Otherwise, it's reccommended to check out the site as it is lots more informative.



Thank you and please keep me posted on what fabulous creations you have in mind!
If you ever need any help, please just post a message on the PowerUI forums or 
help request page (which emails me directly) and I'll be more than happy to help.




-Getting Started-


1. The PowerUI Tag

Once PowerUI is included in your project, you'll need to create a new tag called 'PowerUI'.
To do this, go to Edit -> Project settings -> Tags.

This will open up the tag editor in your inspector. Then, wherever you have an empty
User Layer (e.g. User Layer 8), click on the right and enter "PowerUI", then hit return.



2. Making PowerUI invisible to other cameras

In the scene you would like to add PowerUI to, you'll need to make sure the Main Camera (and any 
others which render to the screen) don't display the PowerUI layer.
To do this, click on your Main Camera game object to see the camera settings in the inspector.
Click the Culling Mask option (where it says 'Everything' by default) and uncheck PowerUI.



3. Creating The UI

Next up, create a new gameobject and attach the script named "Powerui Manager".
In the inspector, you'll see it wants a Text Asset called Html File. Import
a new empty .html file into your project and select it from the PowerUI Managers inspector
under the Html File property.

Then just add some html into your file with a text editor of your choice and hit play!

Note: If you're using an external editor for your html file, you may need to click out of and back into unity to see changes.




-Adding Images-

Images must be inside a folder called Resources. They can be in subfolders too.
All images must be read/write enabled.

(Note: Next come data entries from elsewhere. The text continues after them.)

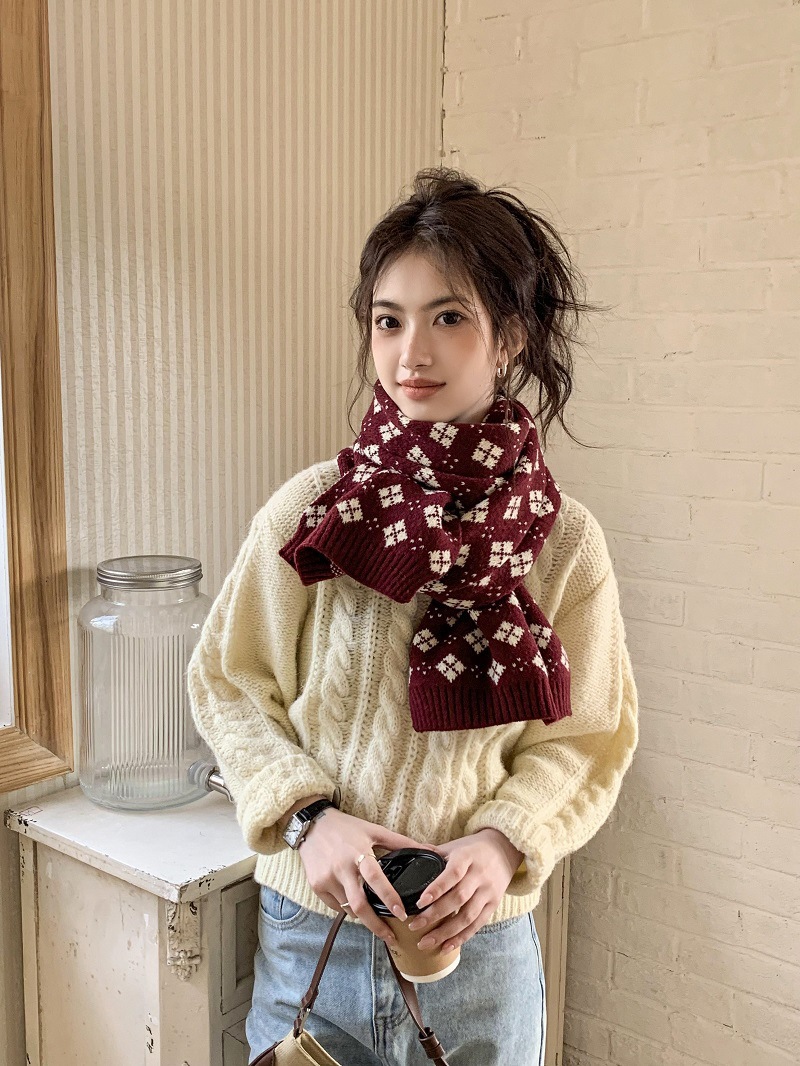 남성과 여성 커플을위한 가을과 겨울 복고풍 격자 무늬 Maillard 니트 울 스카프 크리스마스 따뜻한 스카프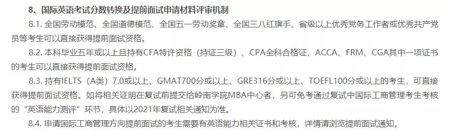 8.3. 持有IELTS(A類)7.0或以上、GMAT700分或以上、GRE316分或以上、TOEFL100分或以上的考生,可直接獲得提前面試資格。如將相關證明在復試前提交給嶺南學院MBA中心者,另可免考通過復試中國際工商管理考生考核的“英語能力測評”環節,具體以2021年復試相關通知為準。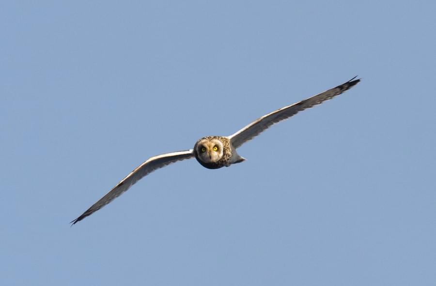 Sightings continued of sperm whales, and fin whales. The team also saw a small pod of common dolphins, and another pod of pilot whales. Continuing to sail west, about a day away from Tenerife, a large plume of dust from the Sahara Desert blew over the Atlantic affecting visibility and the ORCA Teams ability to accurately record whales and dolphins. This often happens in the winter months and is known on the Canaries as La Calima. The ORCA Team and guests continued to survey for cetaceans out on deck when they could and were rewarded with the first Atlantic spotted dolphins of the trip, along with a short-eared owl which everyone was surprised yet delighted to see.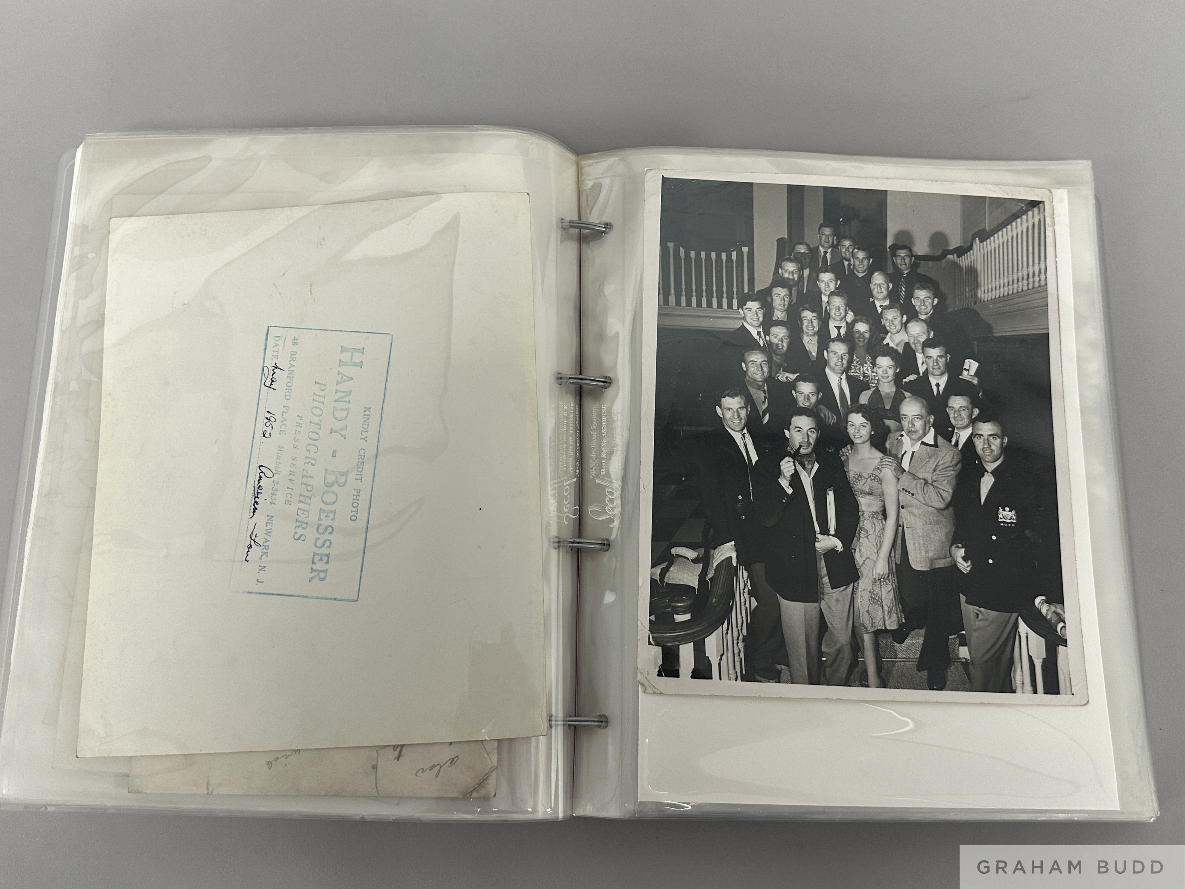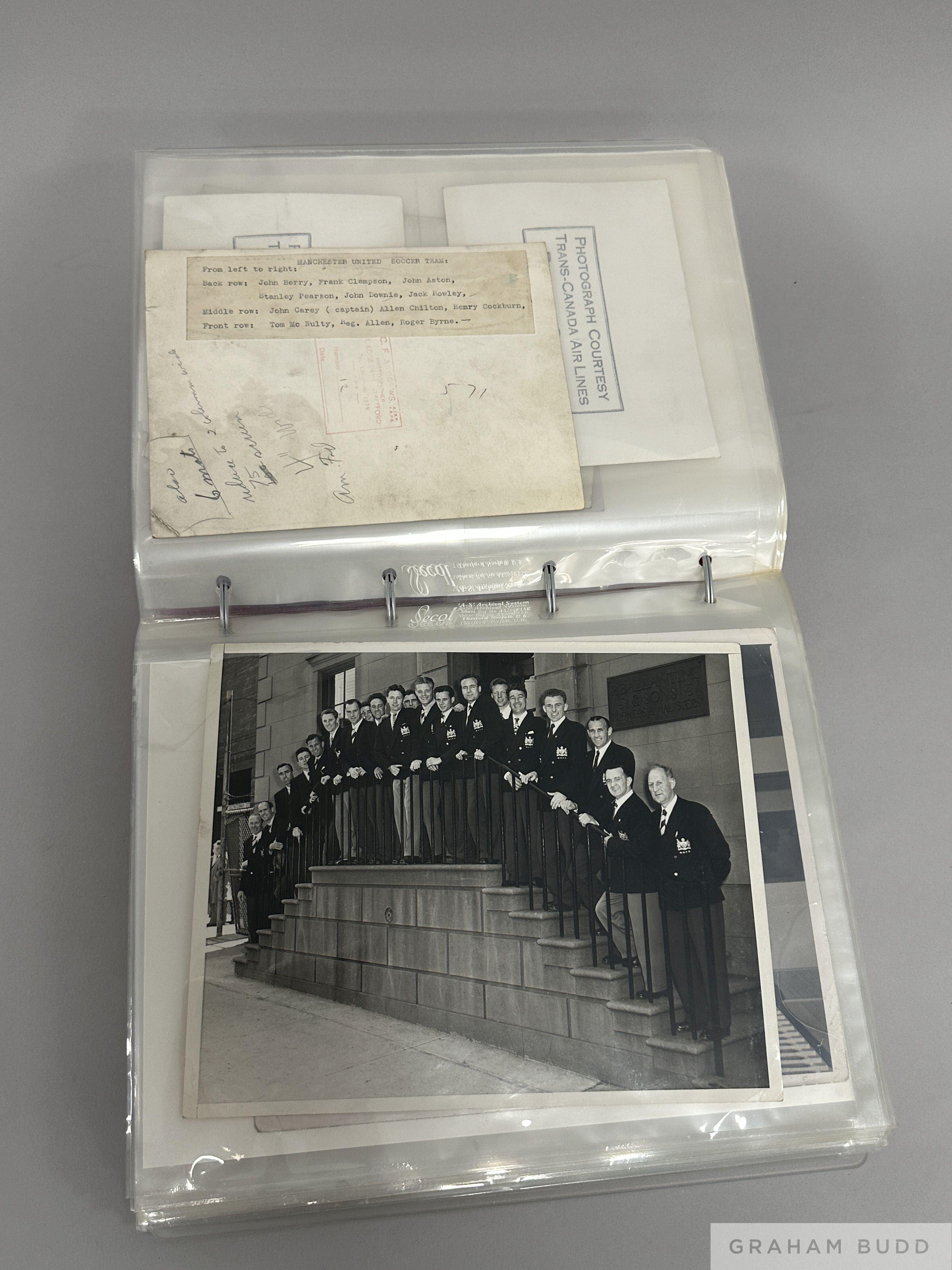 Collection of press photographs originally owned by the Manchester United footballer Johnny Carey late 1940s/early 50s, b&w, various sizes, subjects including match action, Manchester Tour to the USA in 1950, team-groups etc., (27)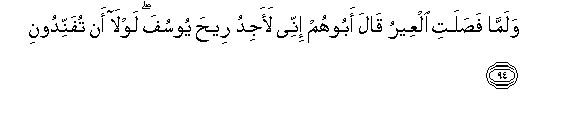 94. Na ulipo ondoka tu msafara baba yao alisema: Hakika mimi nasikia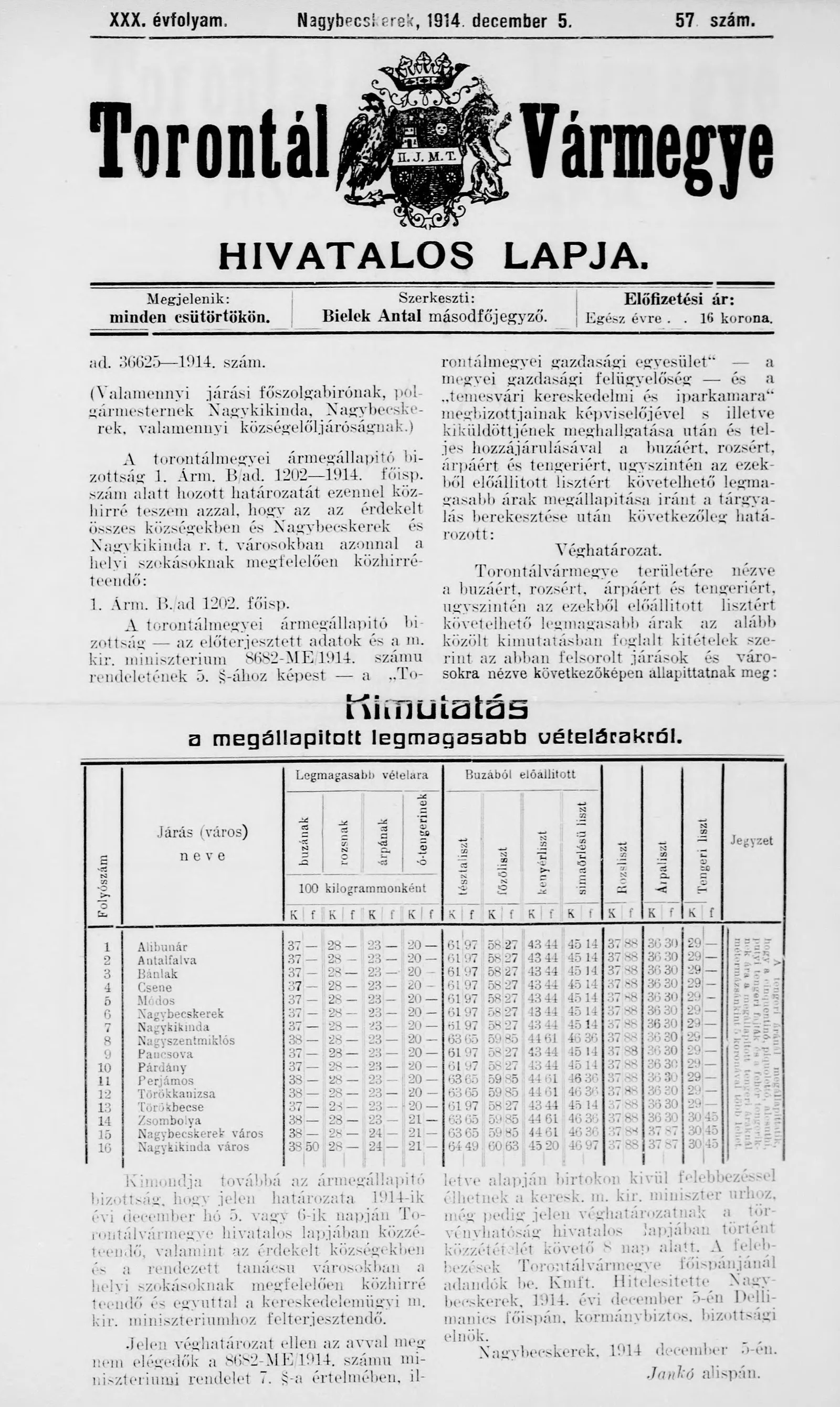 Torontál Vármegye Hivatalos Lapja, 30. évf. 1914. december 5. 57. sz.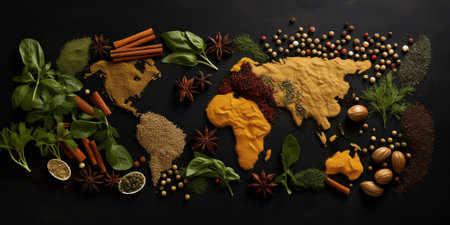 World map made from assorted spices and grains on a dark background. Culinary and global cuisine concept. Design for food blog, cultural diversity, cooking theme, various food ingredient. AIG35.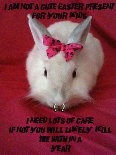 But good job with the PSA, it is sadly quite true, especially with buns who were bought “Cause it’s Easter and buns are cute!”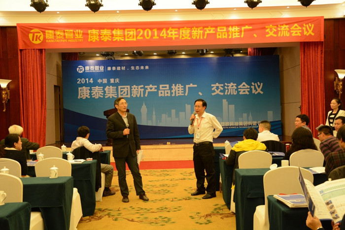 ???????此次康泰集團2014年度新品(重慶)推廣、交流會議主題鮮明,宣傳海報林立、設置了新產(chǎn)品展示區(qū),集中展示康泰集團2014年度研發(fā)的環(huán)保MPE、MPVE?排污管道系統(tǒng)、PP超靜音排水、排污管道系統(tǒng)、HDPE同層排水管道系統(tǒng)、加強型漩流降噪特殊單立管道系統(tǒng)五款新產(chǎn)品。歷時2.5小時的會議秉承“康泰建材,生態(tài)未來”,堅持“科技、質(zhì)量、價值、共贏”的市場競爭理念,致力于成為生態(tài)建材行業(yè)領導者企業(yè)。發(fā)展是永恒的主題,合作是時代的潮流。康泰以此次新品推廣交流會為契機,共筑交流平臺,以更加開放靈活的理念,更加務實的作風,更加科學完善的研發(fā)推廣政策,加強與社會各界合作交流,共同推進行業(yè)的高標準,可持續(xù)發(fā)展。會議高效、緊湊,圓滿結(jié)束。

To do this, click the image to add in your project folder
and take a look at the inspector.

1. Change the image type to Advanced.
2. Change "Non Power of 2" to none.
3. Check the read/write enabled checkbox.
4. Uncheck generate mipmaps.

Then, hit apply. Your texture can now be referenced just by it's path!
e.g. If it's at Resources/image.png, use "image.png". If it's at Resources/subfolder/image.png, use "subfolder/image.png".

Images don't have to come from your project - check out the dynamic textures example for an idea of that. 




- Creating SPA (Animation) files-

Graphic Animations for PowerUI are stored in our custom .spa file format. This format was made as it's very compact and is
designed for efficiency in Unity. To make one, you'll need a set of frame images. They can be just about any format, and can come from any external tool.
For example, 3D applications such as Autodesk Maya can be set to output a set of images, and so can Photoshop (my personal choice).
These images must then be passed to the SPA generator (freely downloadable from the website), which will produce a .spa file.

To display it in Unity, it must be named .spa.bytes. You can setup the SPA generator to stick .bytes on the end to save time too.

Like an image, it must also be inside a folder called Resources. They can be in subfolders too.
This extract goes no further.